Action item:
Reproduce, exactly and in full, the lines from the one with "Av. Akif Çimen De Jure Kurucu Ortaęı" through the one with "El ex funcionario" in the data below; drop pictures.

Information:
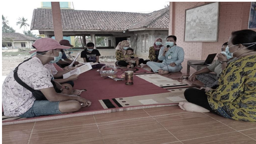
Gambar 2. Foto kegiatan Pengabdian Kepada Masyarakat

Saat pretest tim mendapatkan nilai rata-rata pengetahuan calon pengantin tentang imunisasi TT adalah sebanyak 35%. Tim melakukan peninjauan dan didapatkan hampir seluruhnya memiliki pengetahuan sebatas definisi. Materi yang disampaikan meliputi definisi, manfaat, jadwal dan tempat serta dampak jika tidak dilakukan imunisasi. Tim memberikan kesempatan kepada peserta yang belum faham untuk mengajukan beberapa pertanyaan. Diakhir materi tim memberikan penegasan kepada calon pengantin untuk segera melakukan imunisasi TT sebagai upaya pencegahan penyakit tetanus. Kegiatan ditutup dengan melakukan post test dengan memberikan beberapa pertanyaan yang sama dengan pertanyaan saat pretest dan didapatkan 95% calon pengantin mengeti dan faham tentang imunisasi TT. Edukasi merupakan cara yang efektif untuk meningkatkan pengetahuan dan pemahaman masyarakat tentang kesehatan. Hal tersebut terbukti dengan meningkatkan pengetahuan calon pengantin saat post test dengan selisih nilai sebanyak 60%.
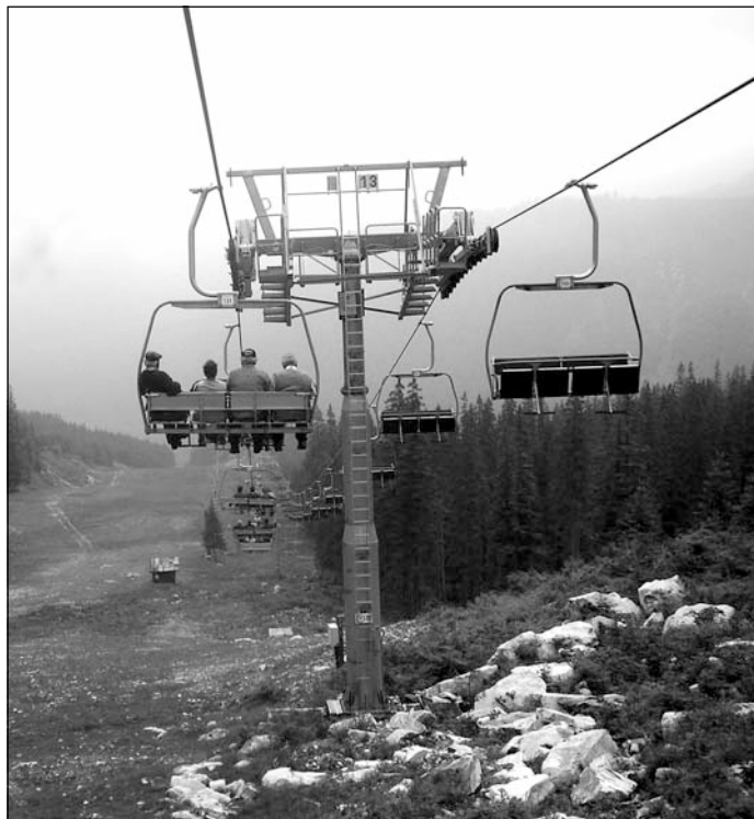
Štvorsedačková lanovka v lyžiarskom stredisku Roháče - Spálena podstatne zvýšila jeho kvalitu. V lete však lanovka premáva len výnimočne. Tentoraz jej služby využili zuberskí dôchodcovia.
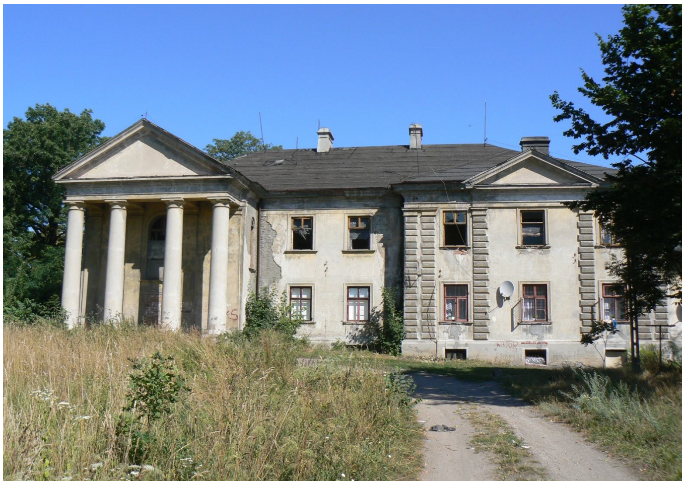
Pałac w Falborzu
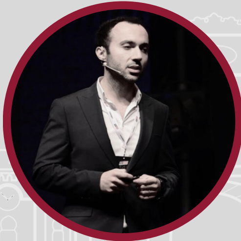
Av. Akif Çimen De Jure Kurucu Ortaęı
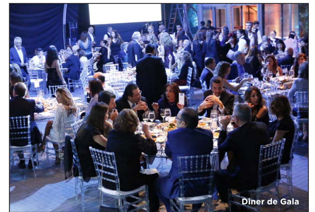
Dîner de Gala
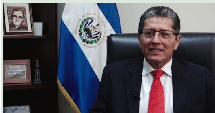
El ex funcionario es procesado por irregularidades, según comentó el Ministerio Público Fiscal.

Miranda Flamenco fue viceministro de Cooperación para el Desarrollo del Ministerio de Relaciones Exteriores entre 2009-2013 y 2014-2018. Luego fue ministro de Relaciones Exteriores entre 2013 y 2014. Por último, fue viceministro de Integración y Promoción Económica, periodo 2018-2019.
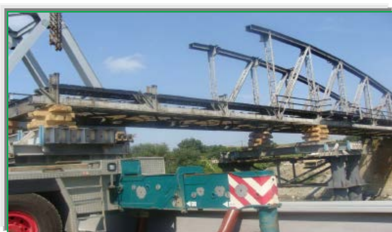
Demontare tablier vechi, mal stâng Luduș
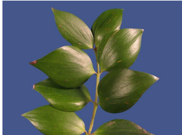
Abb. 5: Agathis dammara , Flächenblätter;
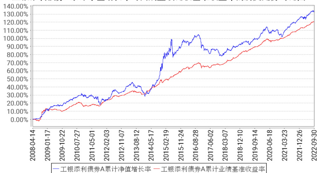
工银添利债券A累计净值增长率与同期业绩比较基准收益率的历史走势对比图
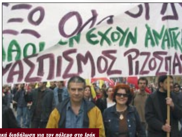
Αντιπολεμική διαδήλωση για τον πόλεμο στο Ιράκ

«Υπάρχει μια κληρονομική νόσος η οποία δεν εξαρτάται από τα γονίδια: Η φτώχεια...».
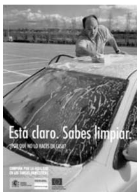
Instituto de la Mujer, 2003

A pesar de lo expuesto hasta ahora, los recientes cambios legislativos nos ofrecen un marco en el que explorar, buscar y desarrollar nuevas iniciativas publicitarias que legitimen pautas alternativas de configuración de imaginarios identitarios. Nos referimos no sólo a las iniciativas de concienciación procedentes de instancias nacionales, como el Instituto de la Mujer, o autonómicas, como la Junta de Castilla-La Mancha o la de Andalucía, que vemos abajo, sino a aquéllas consistentes en el diseño y desarrollo de una estrategia integral que contemple la educación en valores de igualdad, conciliación y corresponsabilidad.
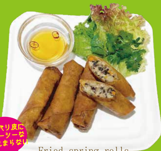
Fried spring rolls 具たくさん 揚げ春巻き
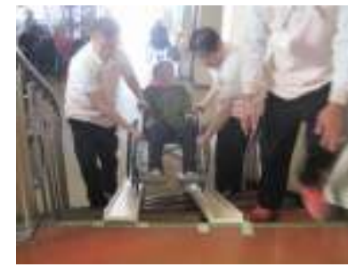
スロープを使い2階へ避難
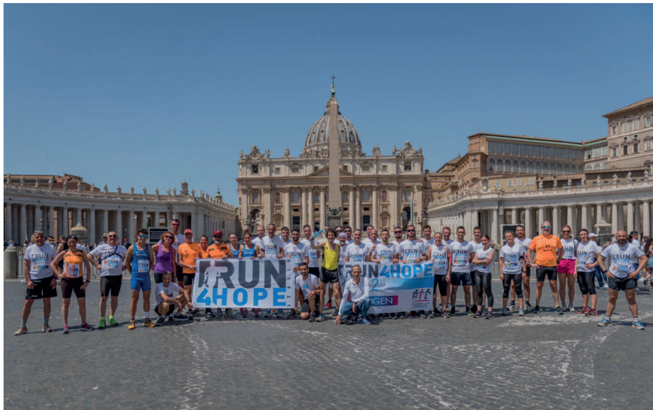
Arrivo in Piazza San Pietro della tappa inaugurale di Roma dopo la partenza da Piazza del Campidoglio

Nelle prime tre edizioni, il testimone della Run4Hope è transitato in tutte e 20 le regioni d'Italia esaltando le bellezze culturali e paesag-gistiche nazionali, comprese le piazze più iconiche, mediante tappe giornaliere comprese tra i 50 e i 100 km .
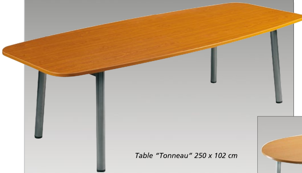
Table "Tonneau" 250 x 102 cm
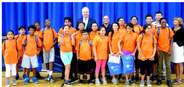
弗利何市21世紀社區學習項目學員結業，後中為市長派斯頓。
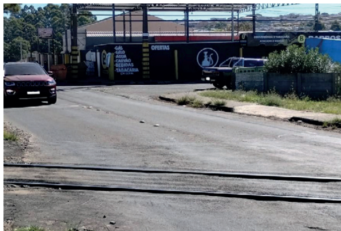
Figura 1 - Passagem de nível sem sinalização, com a presença de anúncios próximo a transposição da linha férrea, promovendo a desatenção do condutor.

Em algumas situações, infrações de trânsito, outras de sinalização insuficiente. Além disso, em certos pontos, é alarmante a presença de anúncios comerciais junto à sinalização de trânsito, o que compromete gravemente a segurança do condutor:
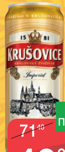
ПИВО КРУШОВИЦЕ СВЕТЛОЕ 4,2%, 0,5Л ЖБ
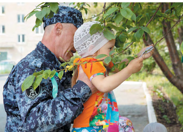
Вместе со взрослыми дошколята посадили цветы и украсили лентами деревья.

29 мая сотрудники вневедомственной охраны прибыли с визитом в садик. Поначалу дети отнеслись к таким серьезно выглядящим взрослым с опаской. Шутка ли – приехали на патрульной машине, в форме. Но сотрудники Росгвардии сумели расположить к себе ребят: в первую очередь они поздравили дошколят с праздником – Днём защиты детей. Затем они все вместе высадили цветы и украсили кустарники и деревья яркими лентами. Во время рабочего про-
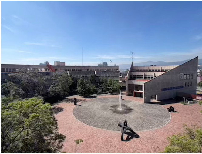
Figura 9. Unidad de Posgrado, Fotografía: ACP, 2026.

sus entidades académicas, ya que será la CGEP la responsable de la revisión técnica y normativa de los procesos de selección e ingreso a los programas de posgrado de la universidad.
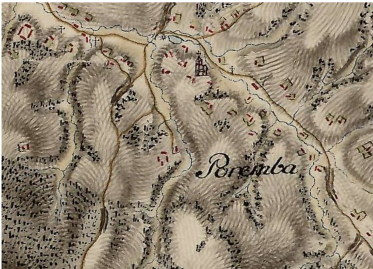
Poręba Radlna na mapie topograficznej Galicji z lat 1779-1783 (tzw. mapa Miega).

Response:
Av. Akif Çimen De Jure Kurucu Ortaęı
Dîner de Gala
El ex funcionario es procesado por irregularidades, según comentó el Ministerio Público Fiscal.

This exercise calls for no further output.